Executive summary

The rapid expansion in in vitro methods, along with improved understanding of the biological processes involved in toxicological sequelae, have facilitated the development of a variety of predictive in vitro methods. These in vitro methods can be robust alternatives to using animals to identify and characterise chemical safety hazards. In some regulatory sectors, recent changes in regulation now accept, or in some cases, require, in vitro data in lieu of data from animal studies. When the scientific suitability has been demonstrated, the use of in vitro methods can reduce the resources required and increase the efficacy of chemical safety evaluation. In order for these alternatives to be used in regulatory decision making the scientific integrity and quality assurance must be assured.

The Guidance Document on Good In Vitro Method Practices (GIVIMP) for the development and implementation of in vitro methods for regulatory use in human safety assessment was developed as a reference for best practices and as a tool to avoid a reproducibility crisis in in vitro toxicological science. The project was a joint activity of the Working Group on Good Laboratory Practises and the Working Group of the National Coordinators to the Test Guidelines Programme. The document includes guidance for developing and using in vitro methods for chemical safety assessment, as well as guidance for the laboratory environment in which test data are generated and recorded. The project was coordinated by the European Union Reference Laboratory for alternatives to animal testing (EURL ECVAM) of the European Commission's Joint Research Centre (JRC) with the aim of reducing the uncertainties in cell and tissue-based in vitro method derived predictions.

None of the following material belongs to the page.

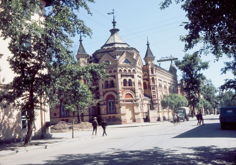 Stadsbebyggelse, gatukorsning med fotgängare och fordonstrafik, vackert utsirad byggnad belägen i korsningen.
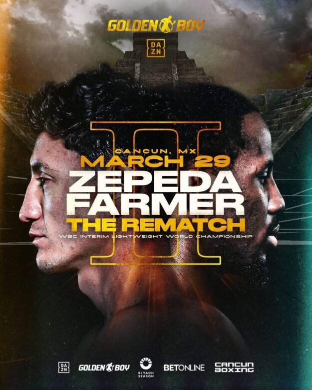 Zepeda y Farmer volverán a medirse en un ensogado, luego del enfrentamiento que sostuvieron el pasado 16 de noviembre en Riad, Arabia Saudita, donde el ídolo de San Mateo Atenco, Estado de México, logró reponerse de una caída y alzarse con una victoria por la vía de la decisión dividida, que le permitió obtener el campeonato interino del Consejo Mundial de Boxeo (WBC, por sus siglas en inglés), de peso ligero.

The GIVIMP includes a glossary of terms to assure developers and end users begin with a common understanding and tackles ten important aspects related to in vitro work.

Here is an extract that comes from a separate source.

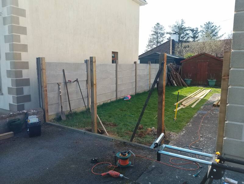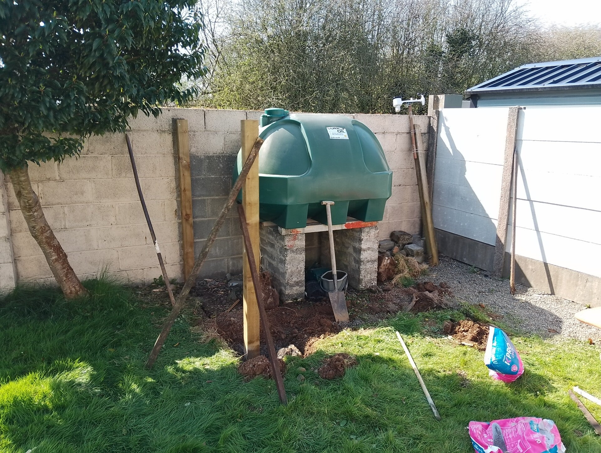 New 6ft fence installation with two 3ft side gates and a new privacy fence in front of an oil tank.

Chapter 1: Roles and responsibilities, describes the roles of key players over the life cycle of in vitro method development and use for safety assessment and provides guidance for improving regulatory acceptance of the method and resulting data. Chapter 2: Quality considerations discusses requirements for development and implementation of in vitro methods and considerations to assure the integrity of resulting data. Chapter 3: Facilities, details considerations for the physical environment in which in vitro cell and tissue culture are performed to limit impacts that may adversely impact the science. Chapter 4: Apparatus, material and reagents indicates quality requirements for equipment and reagents and includes recommendations to improve reproducibility of the method and results. Chapter 5: Test systems, describes best practices for storage, handling, authentication and characterisation of cell and tissue-based test systems. Chapter 6: Test and reference/control items, provides information on how to assess test system and test item interactions to assure accurate and reliable exposure and avoid in vitro method interference due to insolubility and other limitations. Chapter 7: Standard operating procedures, recommends a process for simplifying the work of personnel using the in vitro method to assure similar process is followed each time the in vitro method is used and reduce variability due to deviations from a fixed methodology. Chapter 8: Performance of the method, describes elements of the experimental design such as plate layout, data analysis, assessment of linearity, and accuracy to ensure the method is preformed correctly and the endpoint is reliable. Chapter 9: Reporting of results includes guidance on including appropriate detail and recording practises in scientific publications, as well as all related documents, to improve transparency and reproducibility of the method and results. Chapter 10: Storage and retention of records discusses requirements for traceability, storage, verification and transmission of data throughout the life cycle of the in vitro method. Key messages and content are highlighted at the beginning of each of the ten sections. Also included in the GIVIMP are eight annexes that provide detailed and directed guidance on specific topics related to good in vitro methods practices.